Since no plug-in or extension is required, browser version updating isn't dependent upon your vendor providing an updated version of the extension.
End-users’ access to apps from a mobile device is seamless and consistent with that of their desktop or laptop experience.
Unless you are deploying a complex enterprise solution for user management, many vendors will replicate your user data in a system that they manage. There are several problems with this approach.
With a multi-tenant replication model, your critical user credentials will be stored in the cloud and managed by a company outside your security umbrella. There is a large burden on the vendor to make sure that the credentials of one customer are partitioned away from another, so that if one of the companies in a multi-tenant environment becomes a risk target, others don't as well.
Symplified doesn't replicate any user store information regardless of whether you deploy on-premises or in the cloud.
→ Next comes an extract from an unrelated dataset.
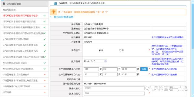 第三步: 根據(jù)填報頁面左側(cè)導航,一步一步填寫許可證申請信息,一個頁面填寫完成后,點擊頁面下方的“下一步”按鈕,填報下一頁的內(nèi)容,也可以點擊“暫存”按鈕,保存當前填報信息。? 申請?zhí)顖蟀?/span>14個頁面的內(nèi)容,分別為:排污單位基本情況;排污單位基本情況-主要產(chǎn)品及產(chǎn)能;排污單位基本情況-主要燃料及原輔材料;排污單位基本情況-排污節(jié)點、污染物及污染治理設施;大氣污染物排放信息-排放口;大氣污染物排放信息-有組織排放信息;大氣污染物排放信息-無組織排放信息;大氣污染物排放信息-企業(yè)大氣排放總許可量;水污染物排放信息-排放口;水污染物排放信息-申請排放信息;環(huán)境管理要求-自行監(jiān)測要求;環(huán)境管理要求-環(huán)境管理臺賬記錄要求;地方環(huán)保部門依法增加的內(nèi)容;相關(guān)附件。? 請按照頁面順序進行填報。在填寫主要產(chǎn)品及產(chǎn)能,主要燃料及原輔材料,排污節(jié)點、污染物及污染治理設施相關(guān)表單內(nèi)容時,系統(tǒng)會默認當前填報內(nèi)容為企業(yè)注冊時填報的行業(yè)類別下的內(nèi)容(填寫時可選擇的下拉菜單為注冊時填寫行業(yè)的下拉菜單),若當前申請單位涉及多個行業(yè),請先選擇企業(yè)所在行業(yè),再依次進行填報。(3)主要產(chǎn)品及產(chǎn)能信息表中,生產(chǎn)設施和產(chǎn)品都與主要工藝相對應,請分別添加主要工藝,及其對應的生產(chǎn)設施和產(chǎn)品。? 生產(chǎn)設施編號、污染治理設施編號、排污口編號為企業(yè)自行編制或填寫當?shù)丨h(huán)保部門統(tǒng)一印發(fā)的編號。請注意相同的設施和排放口填寫相同的編號,不同的設施和排放口填寫不同的編號,一次填寫一個編號,請勿將多個編號寫在一個文本框內(nèi)。? 為了滿足各地管理要求的差異,所有表單中都新增了其他信息列或備注信息文本框,若有對應表格中無法囊括的信息,可根據(jù)實際情況填寫在其他信息列或備注信息文本框中。? 排污單位填寫完(1)排污單位基本信息;(2)主要產(chǎn)品及產(chǎn)能;(3)主要原輔材料及燃料;(4)排污節(jié)點及污染治理設施;(5)大氣污染物排放信息-排放口;(6)大氣污染物排放信息-有組織排放信息;(7)大氣污染物排放信息-無組織排放信息;(8)大氣污染物排放信息-企業(yè)大氣排放總許可量;(9)水污染物排放信息-排放口;(10)水污染物排放信息-申請排放信息表格相關(guān)信息后,可在本系統(tǒng)進行許可申請前信息公開,系統(tǒng)也會給予填報提示。

Rather than managing provisioning in its own proprietary user store, and then replicating those changes across to the primary user store, Symplified syncs information near real-time between the primary user store and the web-based applications.
In the administrative console, you can define the rules you wish to implement for syncing between a source and a target. Once you have your user store set up as a sync source, the configuration is sent to the Identity Router where it monitors changes in your user store through a 'heartbeat' that checks your user store for any changes. When the Identity Router detects a change it sends the new information to the synchronization engine. It compares those changes with information in the user store about the user, using the policy engine to find user attributes, running through the various rules to ascertain access privileges.
In situations where a company doesn't already have user store, Symplified can provide rich APIs and a very flat, user data structure so that users can stand up their own custom user store compliant with the Symplified API. (REST 1.0, REST 2.0 and SOAP 1.0).
Symplified also includes delegated administration that allows for department administrators or others to manage access for specific groups. This is particularly beneficial for large enterprises looking to unburden the central IT department by reducing help desk calls and resource constraints. It also includes automated, self-service capabilities that enable end users to perform limited tasks such as password resets, updates to basic profile information, requests for access to specific applications, etc. IT administrators have complete control over which management capabilities can be exposed in the delegated administration and self-service user interface.
Symplified has created a rich set of REST-based APIs that allow users to create their own user interfaces while pulling all the information that they need from the Symplified system.
APIs are built to support using a custom portal rather than the Symplified portal. In this way, you can have an entirely customized environment for your applications yet get the functionality of Symplified's Single Sign-On, access control and user management capabilities.
Symplified has defined a series of protocols to access user stores so that users can be authenticated, authorized and managed through a web service interface that utilizes either XML or JSON for the structuring of the payload.
If a company has multiple data stores containing user information, Symplified can put its web service APIs in front of those user stores to allow the Identity Router access. From those user stores, Symplified APIs support passing information to the Identity Router such as the user type schema, credentials for access, user properties, etc. Note that there are specific attributes for each of the user stores because each has its own structure and data types.